飄天文學 > 仗劍行 >第 209 章 第二百零九章
    第二百零九章青衣宰相

    西落前,老道士藉着腿腳不便的蹩腳理由留了下來,蹭了一頓飯食不說,還喝光了僅剩不多的半罈子打葉竹。平日裏玉龍瑤看的緊,不許李長安貪杯,只准飲個三兩碗解解肚子裏的酒蟲,靠着帶上山來的幾罈子酒硬是撐了一月多餘。這下可把李長安氣的不輕,若非給她解了眼下的燃眉之急,恨不得當場一腳就給這老道士踹下山去。

    道士與和尚不同,沒那麼多條條框框,上山修身,下山成親的大有人在。
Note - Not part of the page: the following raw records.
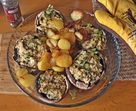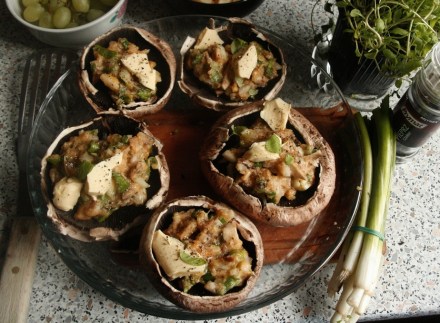 Kupiłam wielkie brązowe pieczarki nazywane portobellami. Idealnie się nadają do nadziewania. A ze względu na rozmiar śmiało można je przeznaczyć na całe danie obiadowe. A nie jako dodatek do sarny lub wołowiny! Są przy tym mięsiste i mocne w smaku. (Nawiasem, poza nadziewaniem są świetne podane jako grillowane; kiedyś takie opisałam). Ale na razie – jak nadziałam pieczarki portobello.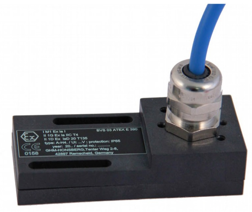 Eigensicherer Schaltkopf mit Reedschalter und ATEX Zulassung für die MR1/HD1/HD2/HR2-Gerätebaureihe zur Verwendung in eigensicheren Stromkreisen.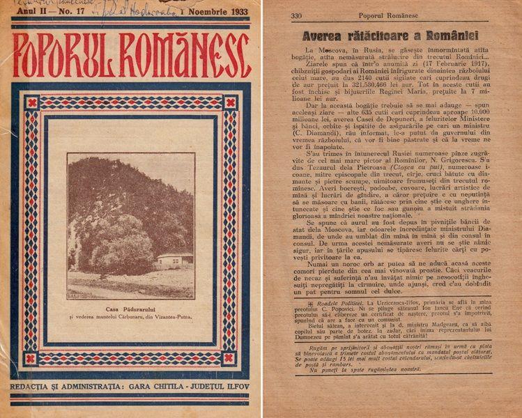 Un adevărat scotocitor al arhivelor istorice, profesorul dorohoian Ilarion Mandachi, unul din iniţiatorii binecunoscutului proiect „Amintiri despre trecut – Dorohoiul de altădată”, ne-a oferit, de această dată, din spaţiul bibliotecii sale, o revistă care are ca dată de apariţie – 1 noiembrie 1933, purtând titlul „Poporul Românesc”, apărută în altă zonă a ţării şi având ca redacţie şi administraţie -„Gara Chitila – judeţul Ilfov”.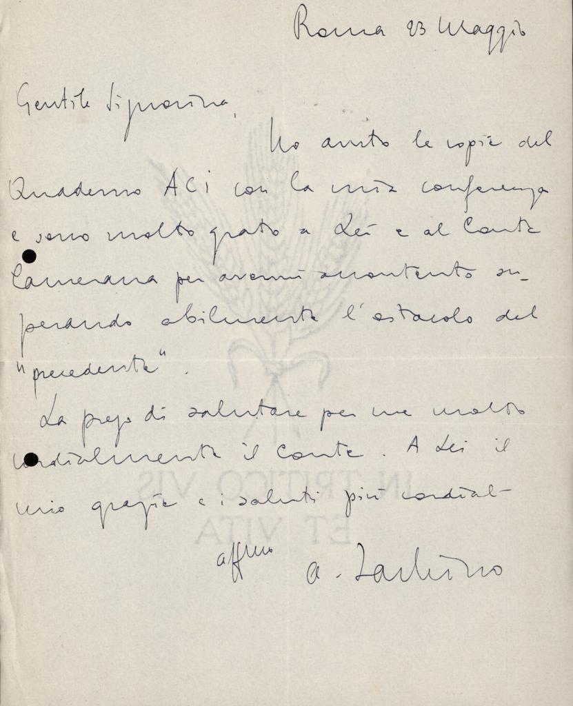 Lettera redatta presso Roma il 23 Maggio s.a.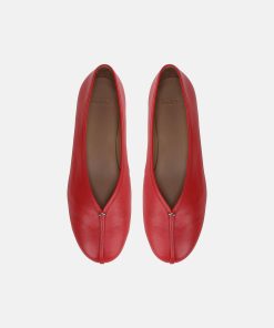 Soft leather panels are held together down the center with a small metal bar accent for a refined, deconstructed spin on the timeless ballet flat. At the bottom, a rubber outsole provides discreet traction.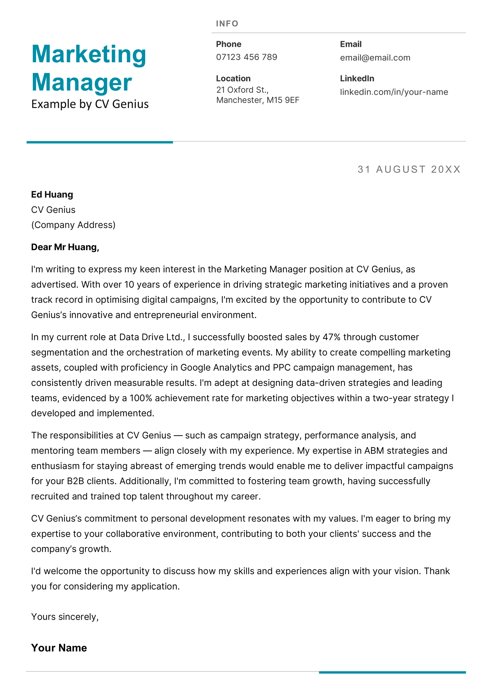 Marketing Manager Cover Letter Examples for UK Market (2025) · Resume io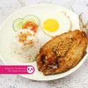 Plain Rice, Corn & Carrots, Boneless Fried Bangus, Scrambled Eggs, Vinegar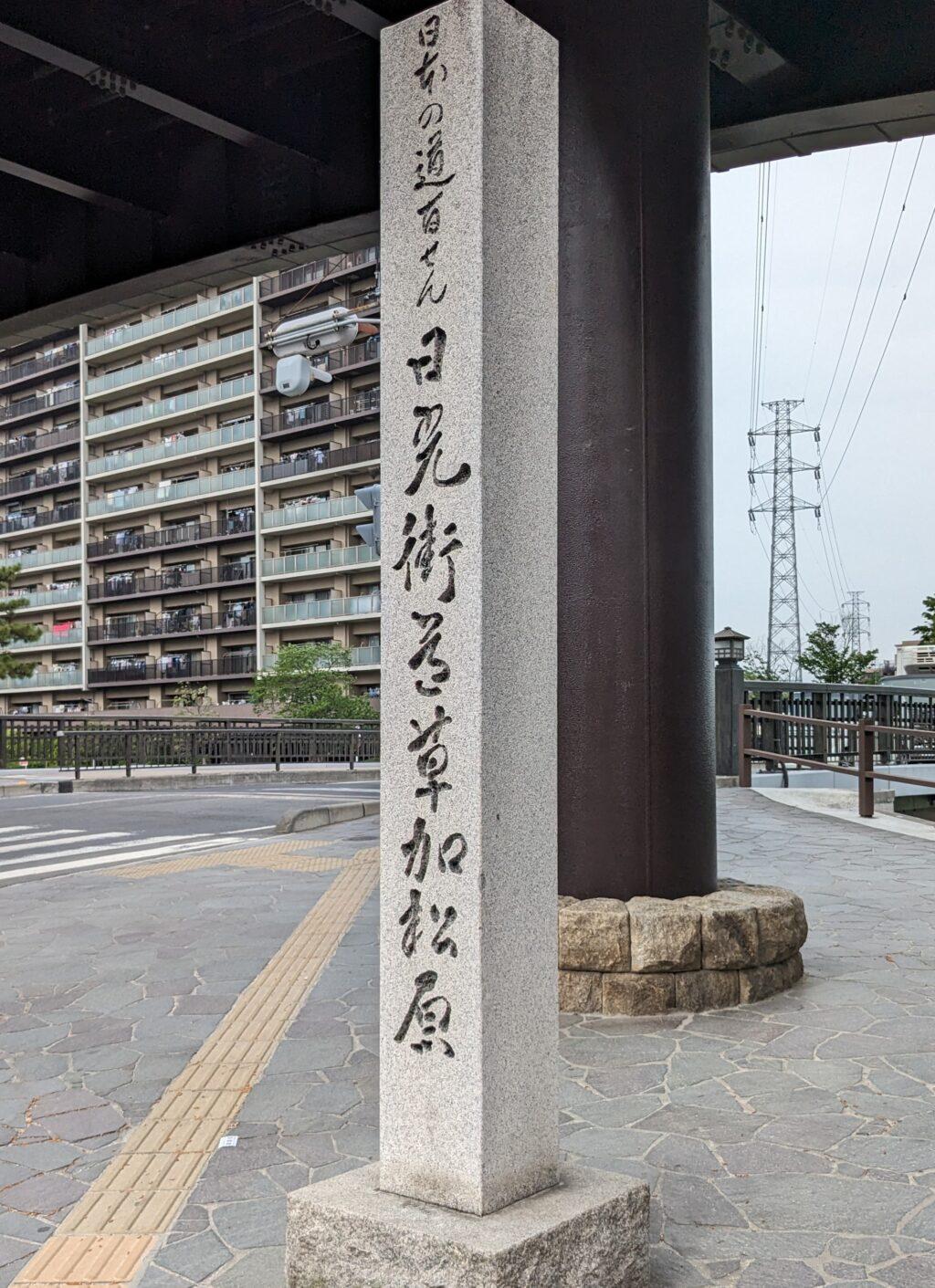 しばらく進むと、もう一つの太鼓橋「百代橋」が現れます。 『おくのほそ道』の有名な冒頭文「月日は百代の過客にして…」から名付けられた橋です。 矢立橋で絶景は堪能したので、今回は体力温存のために橋の下をくぐって進みます(笑)。 橋の下には「日本の道百選 日光街道草加松原」の碑が立っていました。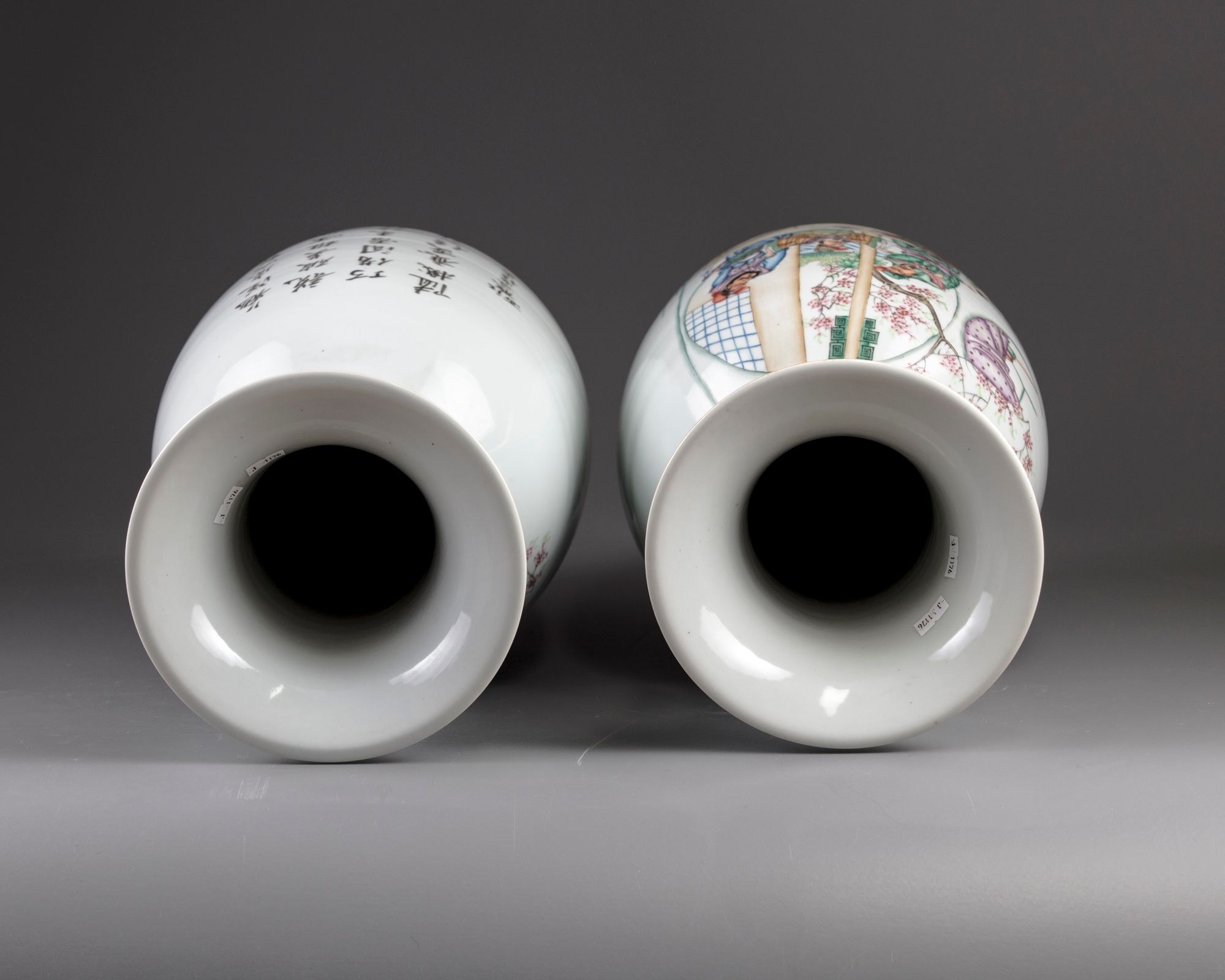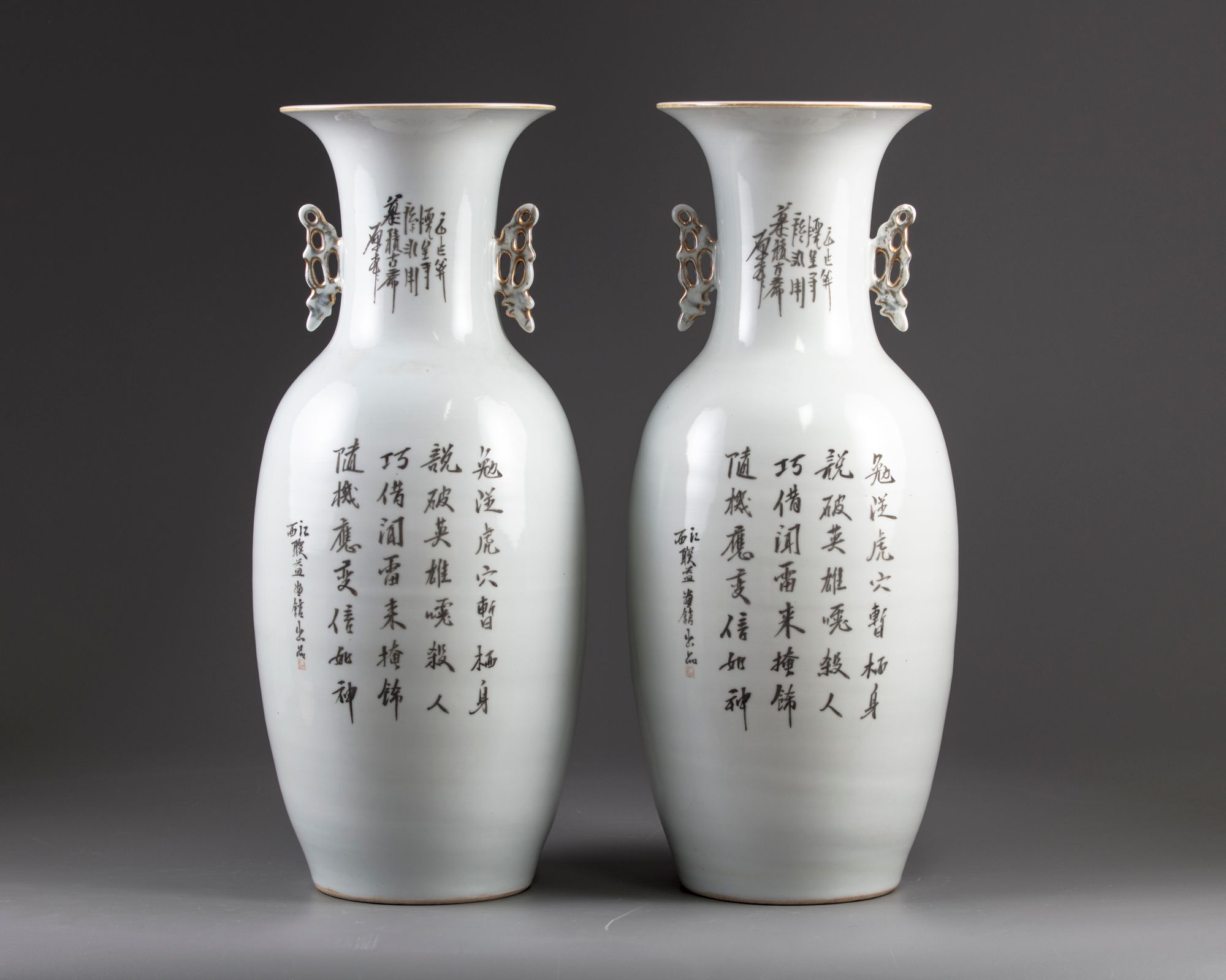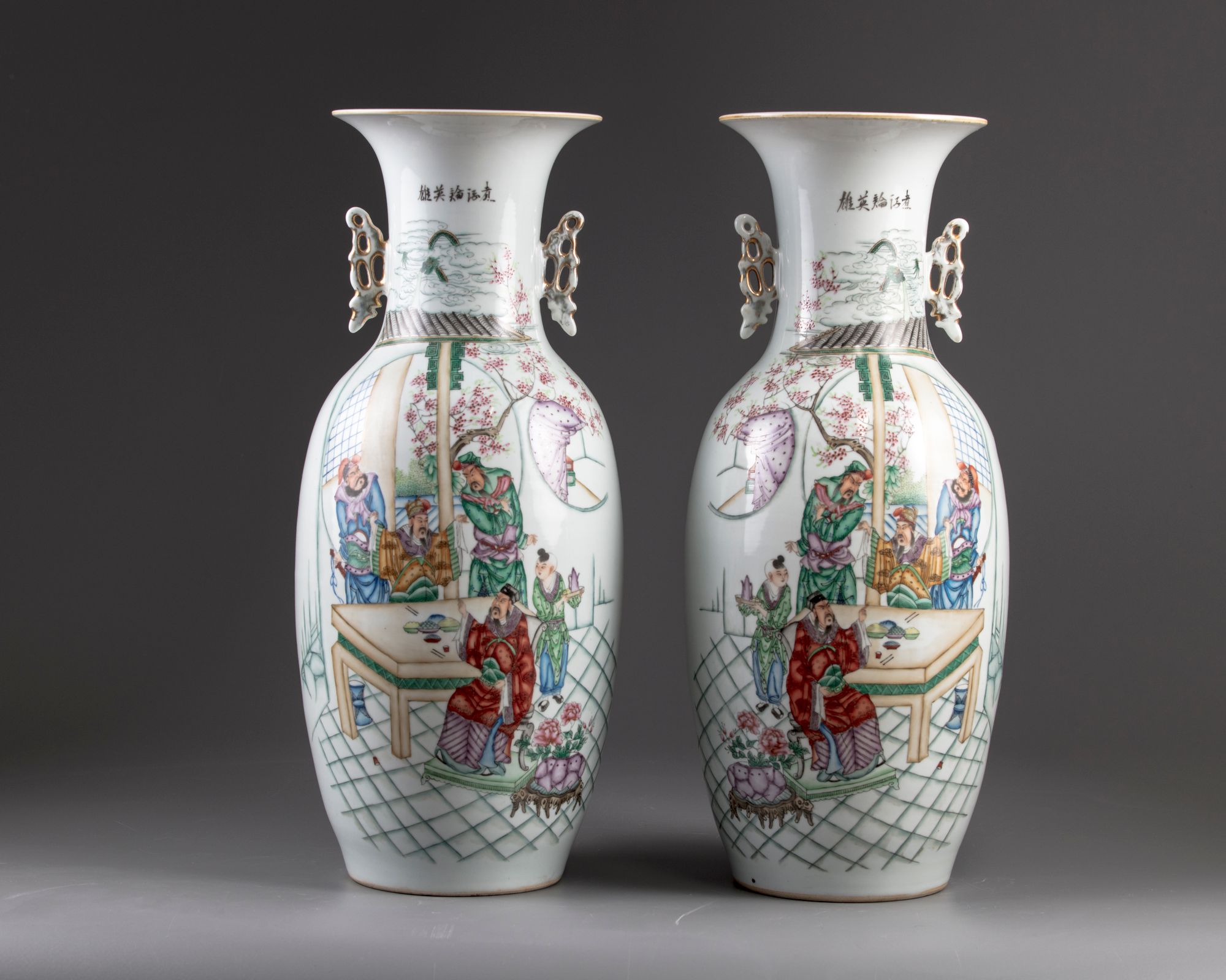 The vases are decorated on the frontside with colorful officials and attendants around a table, the reverse is decorated with a calligraphic inscription.

即便不成家立業,也有不少人在小有所成後結伴道侶,更有助精進修行。

    李長安看着這個六根不淨,俗戒樣樣都沾只差一嫖的老道士,無奈道:“肉也吃了,酒也喝了,難不成還等着我親自送你下山?”

    老道士喝的滿臉紅潤,擱下筷箸,飲下碗底最後一口酒,這才道:“王爺真以爲貧道只是爲了這口酒肉才厚着臉皮留下來?”

    李長安微微眯起眼,歪了歪頭,笑道:“就知道天下沒有白喫白喝這一說,你堂堂一宗大真人壓箱底都搬出來了,豈能平白送我,說說,看上我手裏什麼物件了?不過咱們事先說好,除了人不能給,我也捨不得給之外,其餘的只要道長開口都好商量。”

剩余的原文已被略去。